[R] Is there a good package for multiple imputation of missing values in R?
Frank E Harrell Jr
f.harrell at vanderbilt.edu
Mon Jun 30 20:25:13 CEST 2008
Robert A LaBudde wrote:
> At 03:02 AM 6/30/2008, Robert A. LaBudde wrote:
>> I'm looking for a package that has a start-of-the-art method of
>> imputation of missing values in a data frame with both continuous and
>> factor columns.
>>
>> I've found transcan() in 'Hmisc', which appears to be possibly suited
>> to my needs, but I haven't been able to figure out how to get a new
>> data frame with the imputed values replaced (I don't have Herrell's
>> book).
>>
>> Any pointers would be appreciated.
>
> Thanks to "paulandpen", Frank and Shige for suggestions.
>
> I looked at the packages 'Hmisc', 'mice', 'Amelia' and 'norm'.
>
> I still haven't mastered the methodology for using aregImpute() in
> 'Hmisc' based on the help information. I think I'll have to get hold of
> Frank's book to see how it's used in a complete example.
It's not in the book; it will be in the 2nd edition someday
Frank
>
> 'Amelia' and 'norm' appear to be focused solely on continuous,
> multivariate normal variables, but my needs typically involve datasets
> with both factors and continuous variables.
>
> The function mice() in 'mice' appears to best suit my needs, and the
> help file was intelligible, and it works on both factors and continuous
> variables.
>
> For those in the audience with similar issues, here is a code snippet
> showing how some of these functions work ('felon' is a data frame with
> categorical and continuous predictors of the binary variable 'hired'):
>
> library('mice') #missing data imputation library for md.pattern(),
> mice(), complete()
> names(felon) #show variable names
> md.pattern(felon[,1:4]) #show patterns for missing data in 1st 4 vars
>
> library('Hmisc') #package for na.pattern() and impute()

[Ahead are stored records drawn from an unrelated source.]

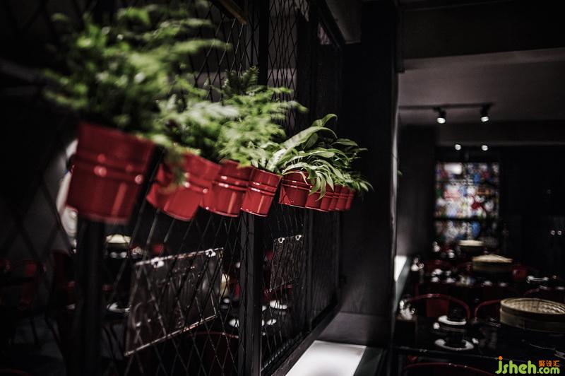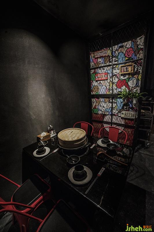 黑色的墻壁,深灰色的天花與地面,如此的重色調(diào)能減少燈光的漫反射,使射燈燈光都集中在餐桌、墻繪、墻飾等精彩之處,戲劇化的燈光效果也讓人視線更有聚焦的重點(diǎn)。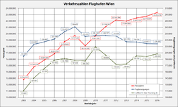 Seit der EU-Erweiterung 2004 sind die Passagierzahlen und auch die Frachtmengen stark angestiegen; der Flughafen ist logistisches Zentrum vieler Unternehmen, die von hier aus den gesamten Raum des früheren Ostblocks bedienen. Der Flughafen hat sich außerdem zu einem Luftfahrt-Drehkreuz nach Osteuropa, den Nahen und Mittleren Osten sowie für Langstreckenflüge entwickelt. So bedient Korean Air seit dem 15. September 2007 Seoul-Incheon dreimal wöchentlich mit einem Direktflug. Im Jahr 2016 wurden 34 Ziele in Osteuropa direkt angeflogen (zum Vergleich: In Frankfurt waren es 30).[19] Außerdem ist die Präsenz vieler Billigfluggesellschaften gestiegen. Seit 2007 fliegt beispielsweise die britische Fluggesellschaft easyJet Wien an. Sie gründete am 18. Juli 2017 ein österreichisches Tochterunternehmen namens easyJet Europe, das wenige Tage später den Flugbetrieb aufnahm.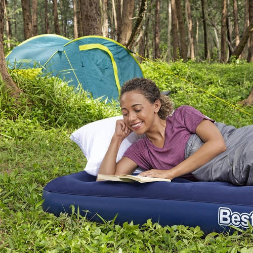 Goditi un sonno confortevole ovunque: il materasso gonfiabile BESTWAY con superficie in velluto morbida come il velluto è piacevole al tatto e trattiene meglio il lenzuolo. La resistente struttura coil‑beam garantisce stabilità ed elasticità, così il materasso mantiene la forma e sostiene bene il corpo.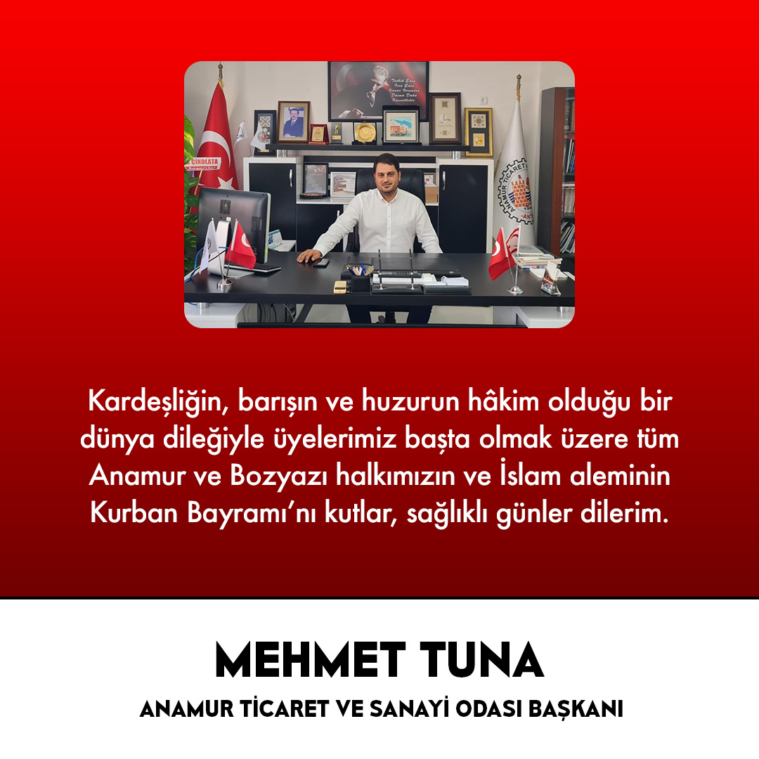 ANAMUR GAZETESİ / Musa Suğan - Anamur Ticaret ve Sanayi Odası Başkanı Mehmet Tuna, Kurban Bayramı dolayısıyla bir mesaj yayımladı.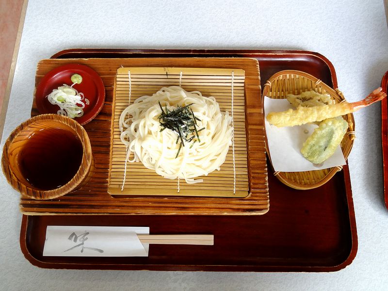 こちらは、同行者がいただいた物。例によってちょっといただきましたが、つゆの印象が暖かい物とちょっと違って感じられました。もっとも違ったからと言って駄目というわけではなく、こっちはこっちでイケるんですが。また、冷たく締められたうどんは、当然ながらコシと喉越しがアップ。こちらも良いですね。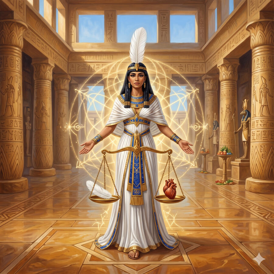 Maat no es solo una diosa — es el principio fundamental sobre el que se sostiene toda la civilización egipcia. Es la verdad, la justicia, el orden cósmico y el equilibrio universal. Se representa como mujer con una pluma de avestruz en la cabeza — la misma pluma contra la que se pesa el corazón de los muertos. Sin Maat el sol no saldría, el Nilo no inundaría, las cosechas no crecerían. Los faraones gobernaban en su nombre porque gobernar era mantener el orden que ella encarna. Es la ley más antigua — anterior a los dioses mismos.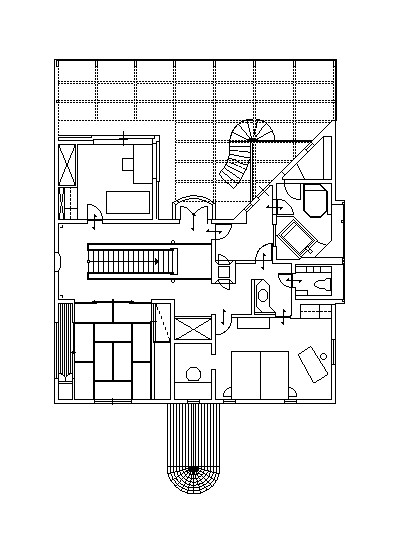サッシュ・ガラス・屋根は住まいの皮膚にあたるものとして、人間の皮膚が外気の状況や体調に応じて反応するように、知能を持った皮膚をめざしている。外部に面したサッシュはすべて空調設備と連動して自動的に開閉するようになっている。
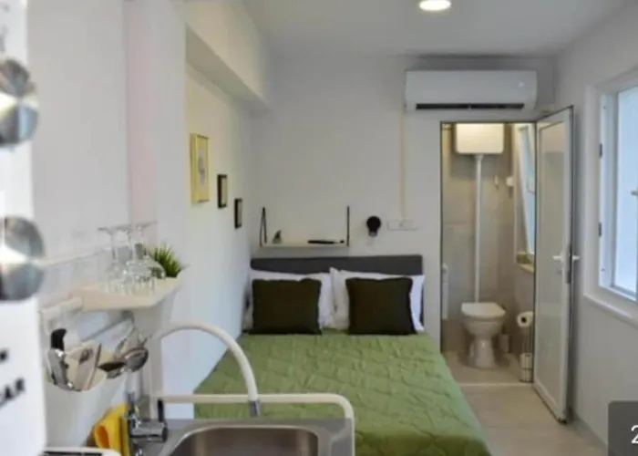 Bolsos by Kristina se encuentra a poco más de 15 minutos en coche del apartamento de 17 m² y la Catedral de San Marcos está a 20 minutos en coche. El apartamento está situado a 5 minutos a pie del centro de Lumbarda.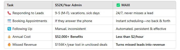 Never Takes a Break – While your $52K/year admin clocks out, MAXI keeps working—24/7.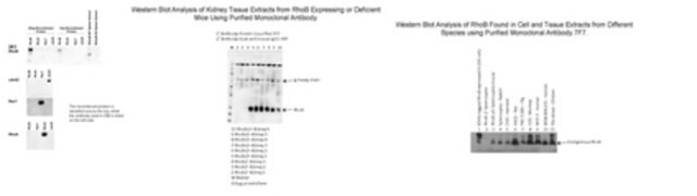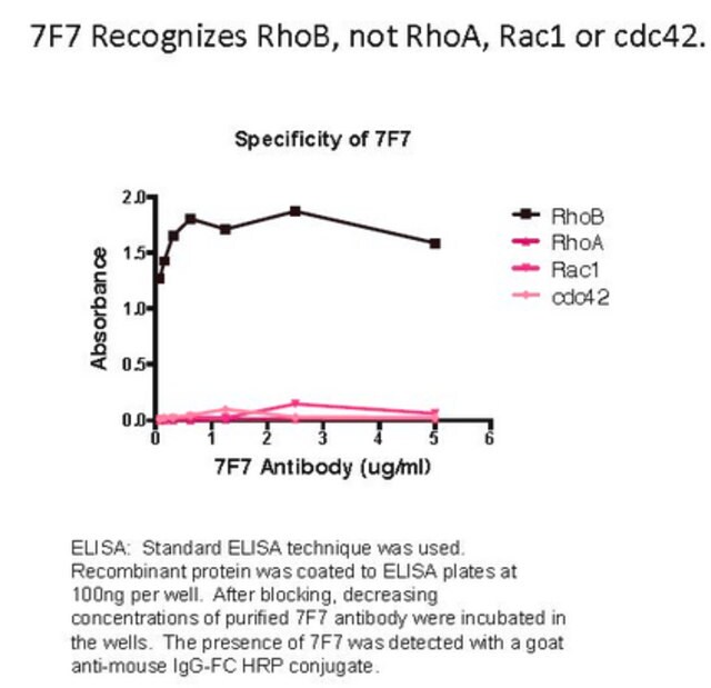 | Application【应用】 | Anti-RhoB, clone 7F7, Cat. No. MABS1990, is a mouse monoclonal antibody that detects Rho-related GTP-binding protein RhoB in human and has been tested for use in ELISA and Western Blotting. Western Blotting Analysis: A 1:2,000 dilution from a representative lotdetected RhoB in 10 µg of MCF7 cell lysate. Western Blotting Analysis: A representative lot detected RhoB in mouse and rabbit spleen, mouse kidney, recombinant RhoB, 293 cells expressing RhoB, CHO, H9C2, PK1P.185, COS, MDA MB-231, MCF7 and chicken fibroblasts (Courtesy of Lisa Laury-Kleintop, Ph.D., Lankenau Institute for Medical Research, Philadelphia PA, USA). ELISA Analysis: A representative lot detected RhoB in Plate bound recombinant RhoB (Courtesy of Lisa Laury-Kleintop, Ph.D., Lankenau Institute for Medical Research, Philadelphia PA, USA). Research Category Signaling |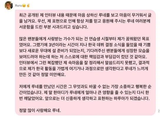 続けて「歌手になることは、練習生時代から私が夢見ていた目標でした。だからこそ、3年という時間を経て韓国デビュー決定の知らせを聞いた時、喜びよりも新しいステージに立つ準備ができているのか、待ってくださったファンの方々に成長した姿をお見せしなければならないという、私自身に対する責任感とプレッシャーが大きかった」「インタビューでそんな複雑だった私の本心をうまく整理してお話しできず、結果的に私が韓国活動を軽く考えたり過程としてだけ考えているとルネに感じさせてしまったようで、本当にごめんなさい」。
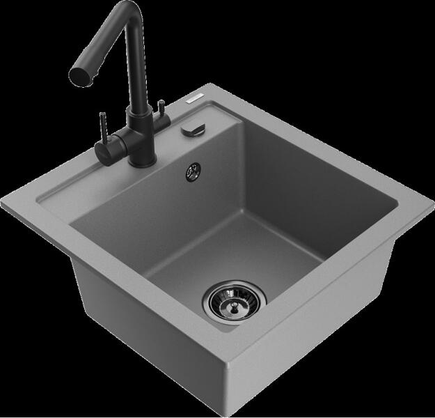 Mexen Elias konyhai mosogató: Gyártó: Mexen Sorozat: Elias Modell: 1 kamrás Beépítés: felülről a munkalapba süllyesztve Méretek: 795x480x200 mm Kamra mélysége: 190 mm Kamra mérete: 465x420 mm Lefolyó átmérője: 90 mm Szifon + automatikus leeresztő csavar Anyaga: gránit (80% gránit - kő, 20% gyanta) Sima felület a könnyű tisztítás érdekében: igen Megnövelt ellenállás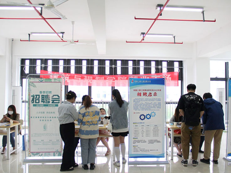 本网讯 搭建企业招聘、学生就业供需平台,518日,建筑与规划学院举办2022届毕业生就业专场招聘会。安徽省建筑设计研究总院、安徽省城建设计研究总院、安徽三建工程建设研究院、中建工程设计有限公司、中铁合肥建筑市政工程设计研究院、山东建筑大学设计集团安徽分公司、深圳市建筑设计研究总院有限公司合肥分院、浙江城建规划设计院合肥分院等17金牌单位应邀参加招聘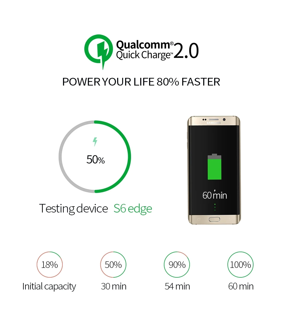 Support Quick Charge Technology:Samsung Adaptive Fast Charge,Qualcomm Quick Charge 2.0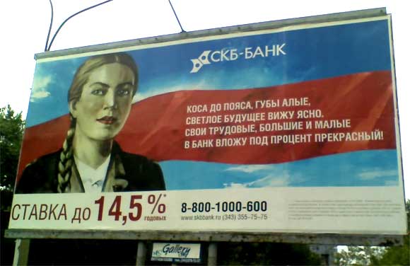 Не, не фотошоп, у этого банка сейчас такая рекламная компания. Всякие колхозницы и молотобойцы. У нас весь город обвешан. "Хочешь сей а хочешь куй." и т.п.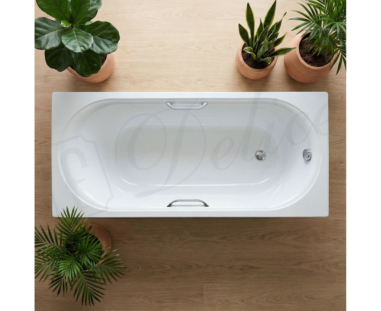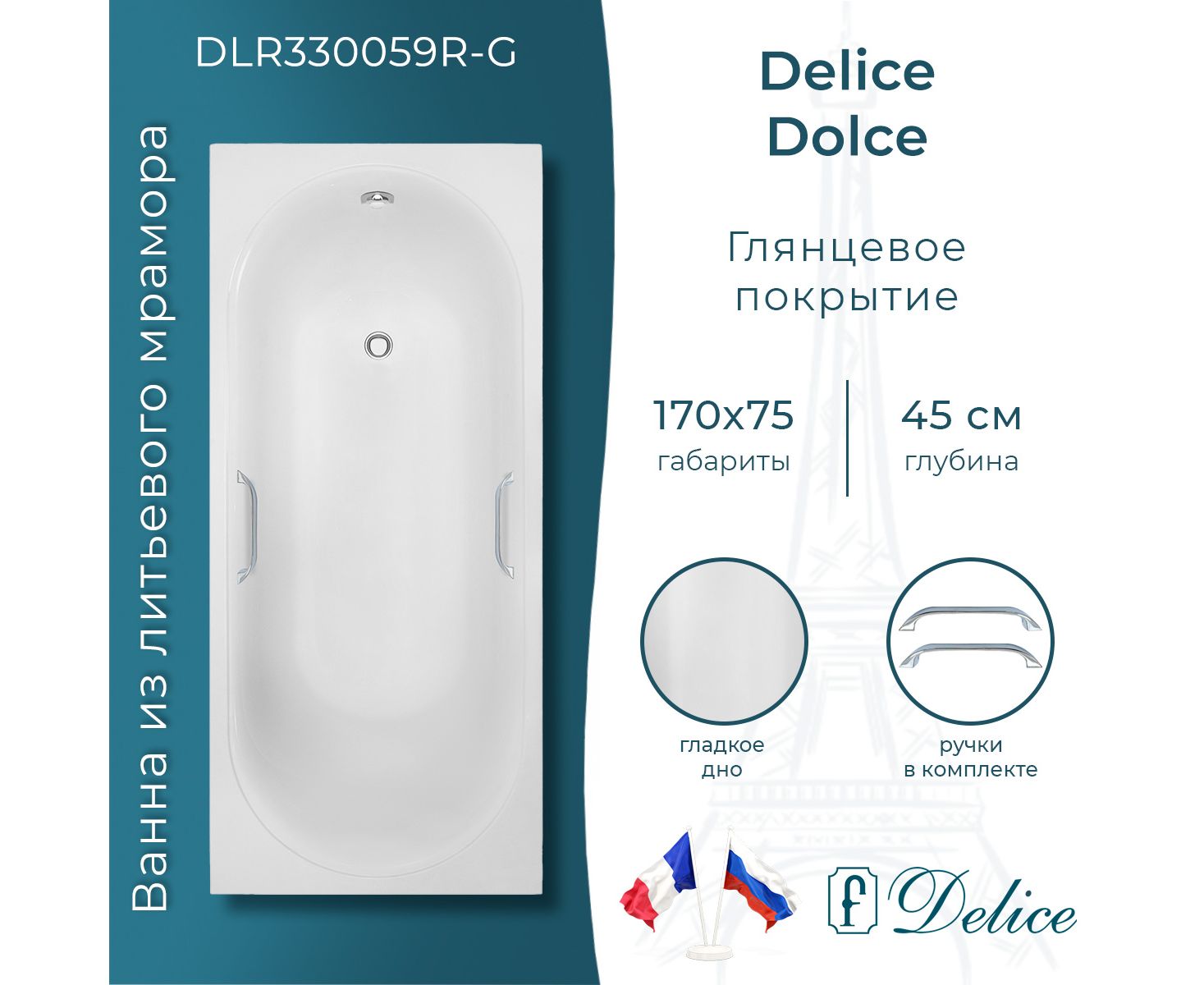 Описание ванны из литьевого мрамора Delice Dolce 170х75 глянцевая с ручками Хром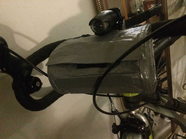 Como ya he dicho que los ladrones de la bicicleta podrían simplemente tomar todo para objetos de valor; Esta bolsa de bici cinta de conducto será probablemente el objetivo en algún momento. Podría ser un poco más segura con amarra, pero son fáciles de cortar. Estoy pensando correa metálica.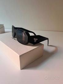 Occhiali originali Prada con montatura squadrata nero lucido e lenti grigie. Logo Prada sulle aste. Misura 49|20|145. Vendo con scatola e certificato originali. Indossati pochissimo, come nuovi.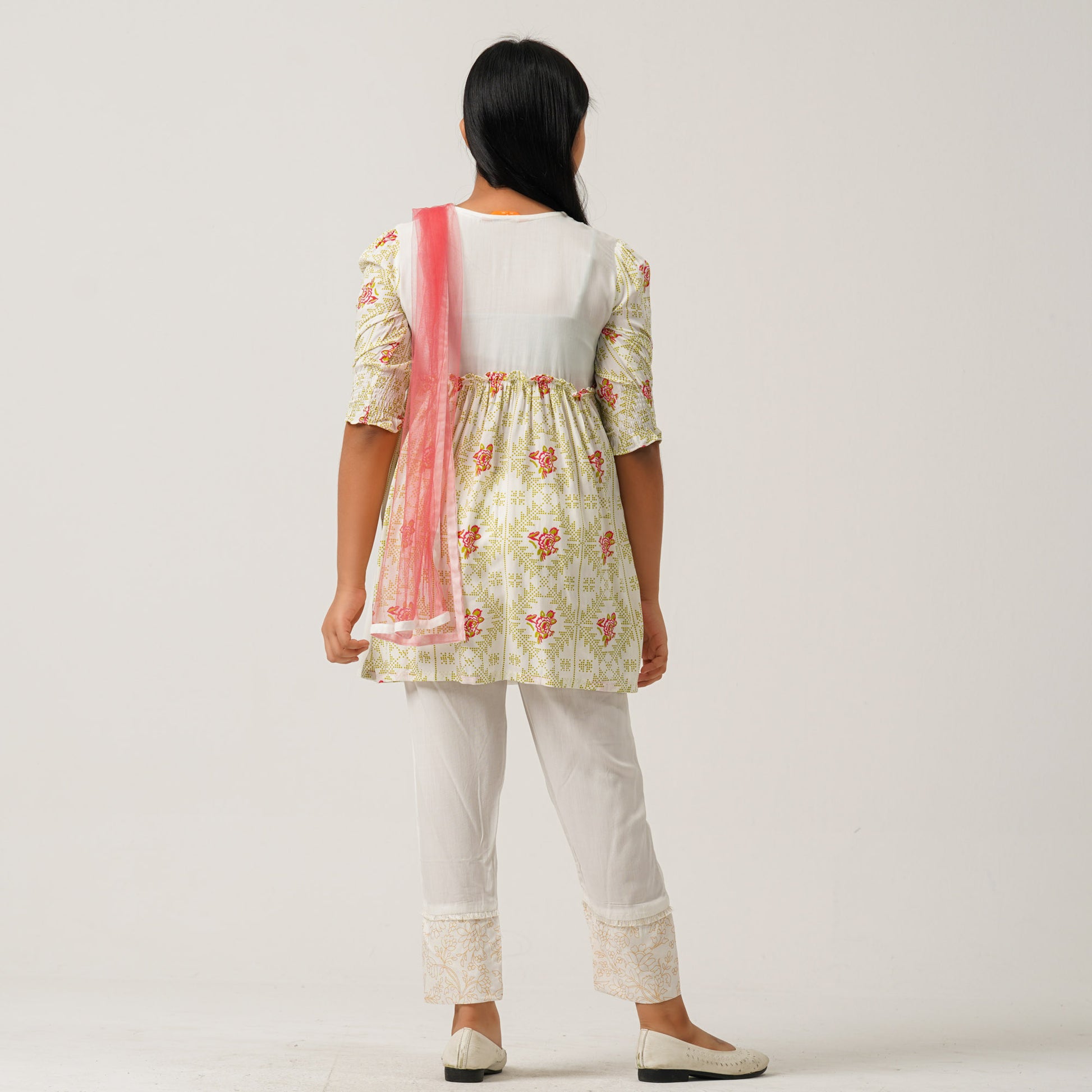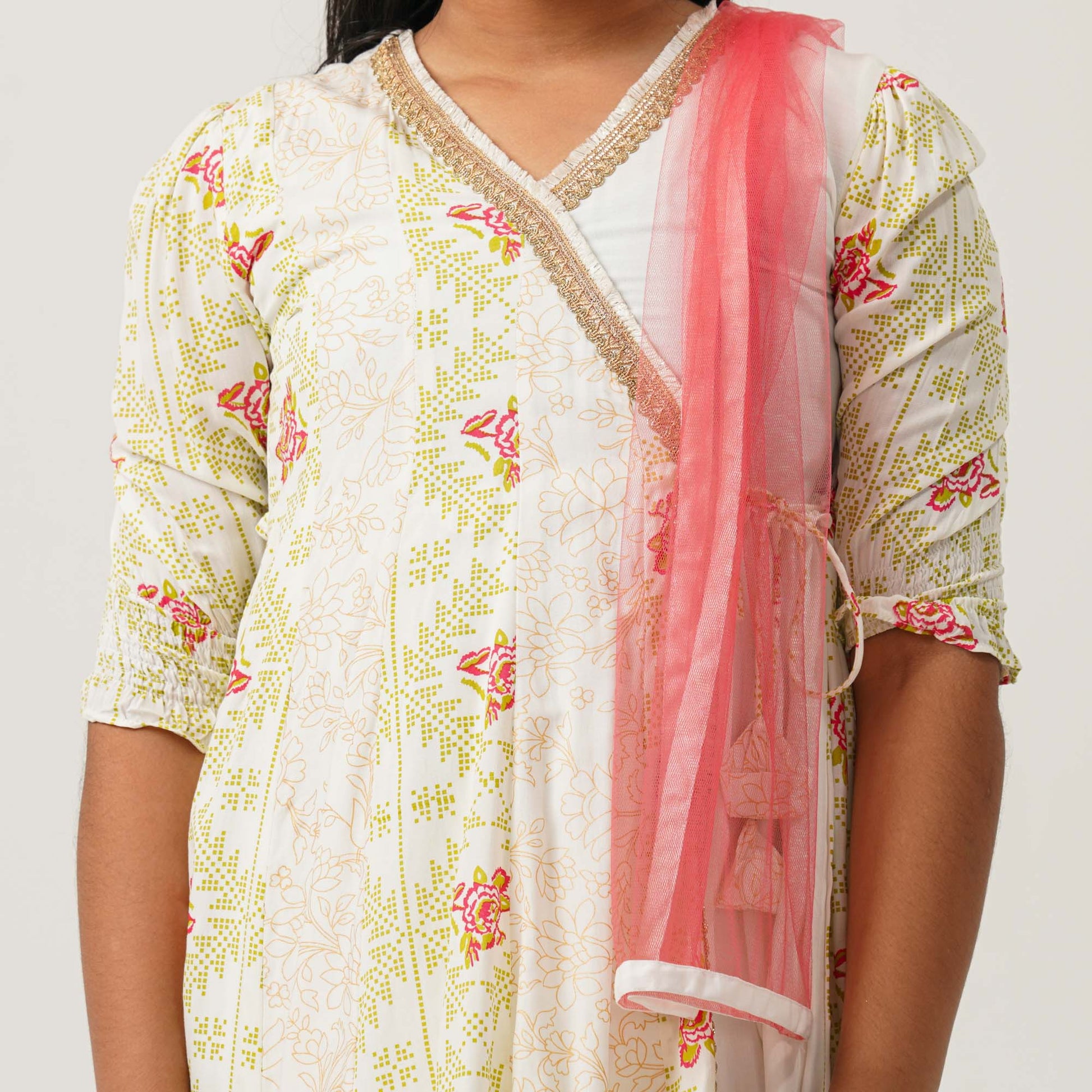 Linen three piece set featuring an Angrakha-style kameez in geo-floral screen print, paired with a matching bottom and a soft net dupatta. Enhanced with decorative lace for a stylish and festive look.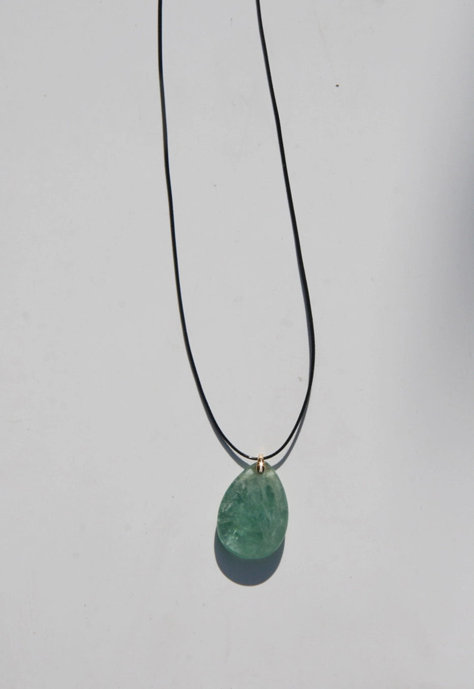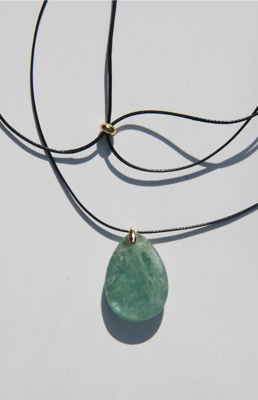 Elevate any ensemble with this opulent long pendant necklace, adorned with an oversized Green Aventurine gemstone in the shape of a teardrop.

> na.pattern(felon[,1:4]) #show patterns for missing data in 1st 4 vars
>
> #simple imputation can be done by
> felon2<- felon #make copy
> felon2$felony<- impute(felon2$felony) #impute NAs (most frequent)
> felon2$gender<- impute(felon2$gender) #impute NAs
> felon2$natamer<- impute(felon2$natamer) #impute NAs
> na.pattern(felon2[,1:4]) #show no NAs left in these vars
> fit2<- glm(hired ~ felony + gender + natamer, data=felon2, family=binomial)
> summary(fit2)
>
> #better, multiple imputation can be done via mice():
> imp<- mice(felon[,1:4]) #do multiple imputation (default is 5 realizations)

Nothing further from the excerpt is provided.